→ Data shown

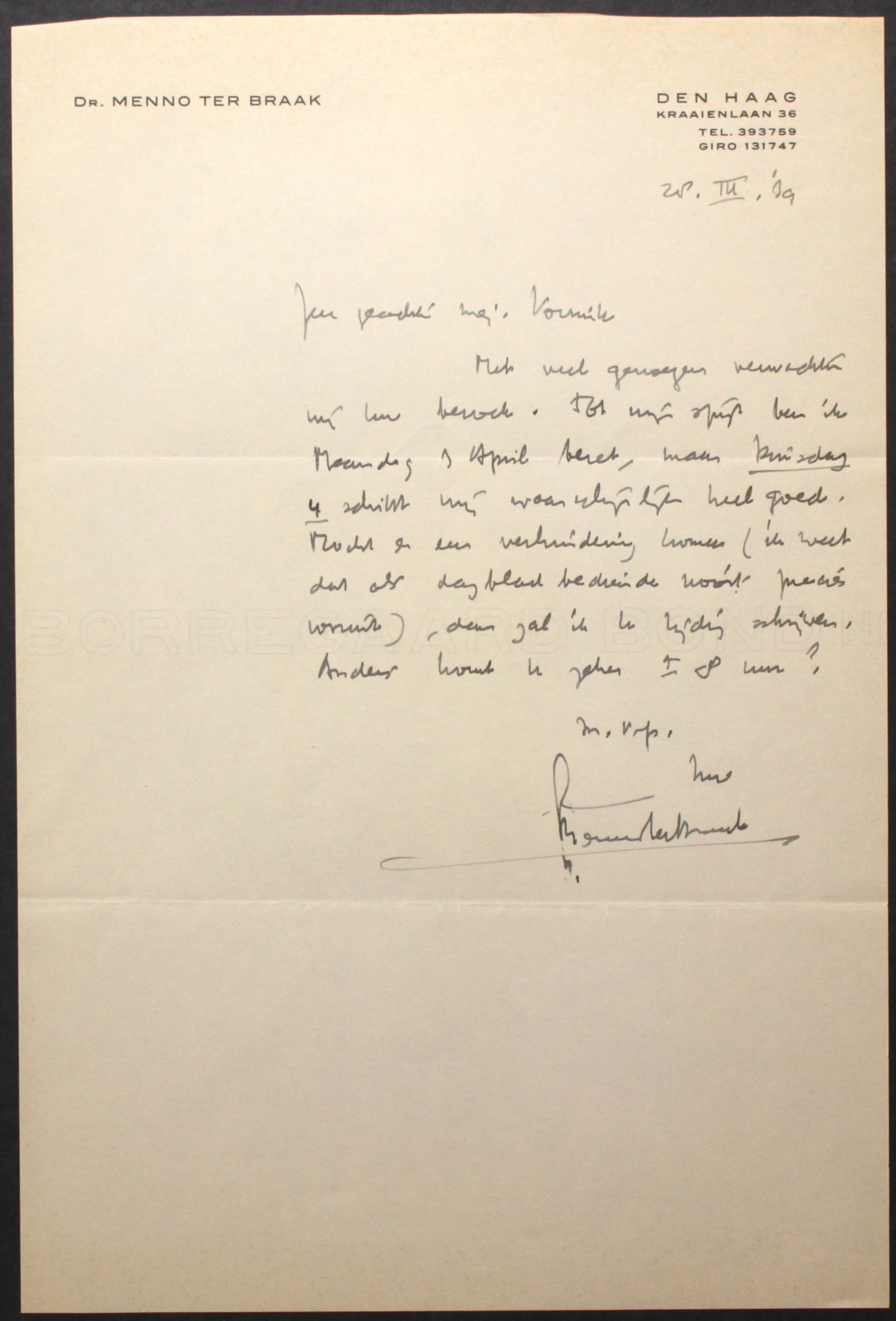 Met veel genoegen verwachten wij Uw bezoek. Tot mijn spijt ben ik Maandag 3 April bezet, maar Dinsdag 4 schikt mij waarschijnlijk heel goed. Mocht er een verhindering komen (ik weet dat als dagbladbediende nooit precies vooruit), dan zal ik U tijdig schrijven.
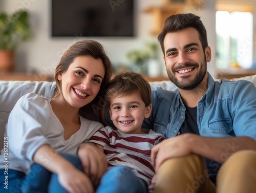 Happy family with child sitting on sofa, young parents embracing son relaxing on couch together
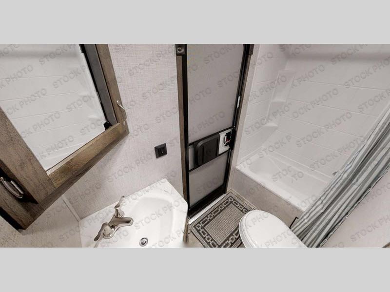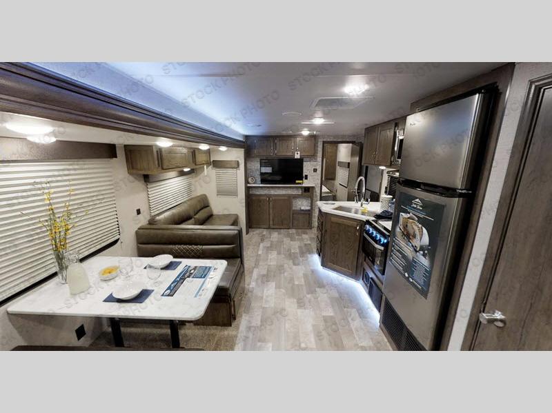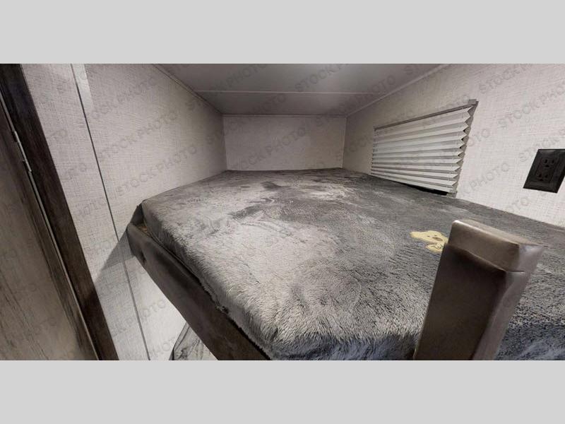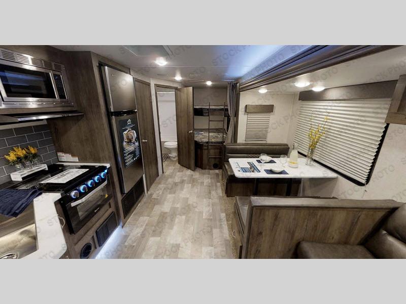 Whether you're entering from the front entry door in this Della Terra travel trailer, or you're using the second entry door that leads directly into the full bathroom, you will be so happy to have the choice! Once you have gotten to the inside, you will notice that there is extra floor space once the large slide has been pushed out into place, plus it allows the cook more space to make warm meals in the kitchen. Each night when you know it is time for bed, you can head to the front private bedroom to sleep on the king-size bed while the kids head to the bunks. If you find yourself to be a night owl, you can stay outside underneath the 15' electric awning and grab some extra lawn chairs from the pass-through storage compartment for anyone else that joins you.
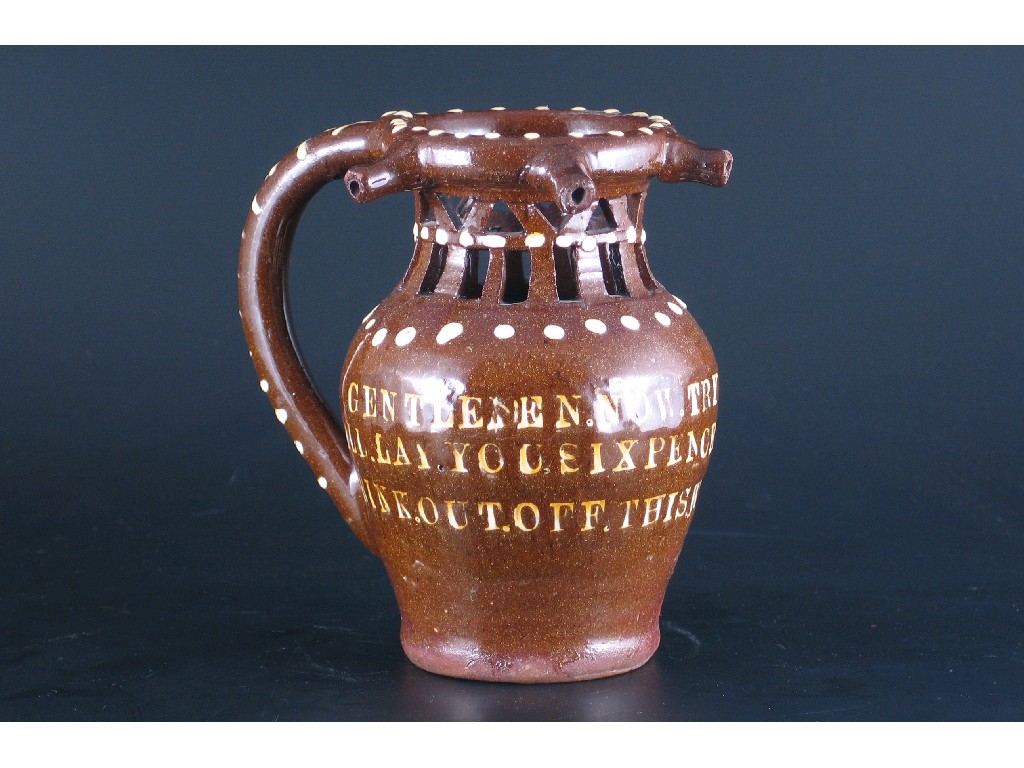 A slipware puzzle jug, the red body inlaid with a verse, the neck, handle and shoulder with trailed dots. Restoration to one spout. 19th century, 17.5cm.

→ Exercise
Exactly repeat the data above; the pictures do not belong in your copy.

→ Output for this task
 Met veel genoegen verwachten wij Uw bezoek. Tot mijn spijt ben ik Maandag 3 April bezet, maar Dinsdag 4 schikt mij waarschijnlijk heel goed. Mocht er een verhindering komen (ik weet dat als dagbladbediende nooit precies vooruit), dan zal ik U tijdig schrijven.
 Happy family with child sitting on sofa, young parents embracing son relaxing on couch together
 Whether you're entering from the front entry door in this Della Terra travel trailer, or you're using the second entry door that leads directly into the full bathroom, you will be so happy to have the choice! Once you have gotten to the inside, you will notice that there is extra floor space once the large slide has been pushed out into place, plus it allows the cook more space to make warm meals in the kitchen. Each night when you know it is time for bed, you can head to the front private bedroom to sleep on the king-size bed while the kids head to the bunks. If you find yourself to be a night owl, you can stay outside underneath the 15' electric awning and grab some extra lawn chairs from the pass-through storage compartment for anyone else that joins you.
 A slipware puzzle jug, the red body inlaid with a verse, the neck, handle and shoulder with trailed dots. Restoration to one spout. 19th century, 17.5cm.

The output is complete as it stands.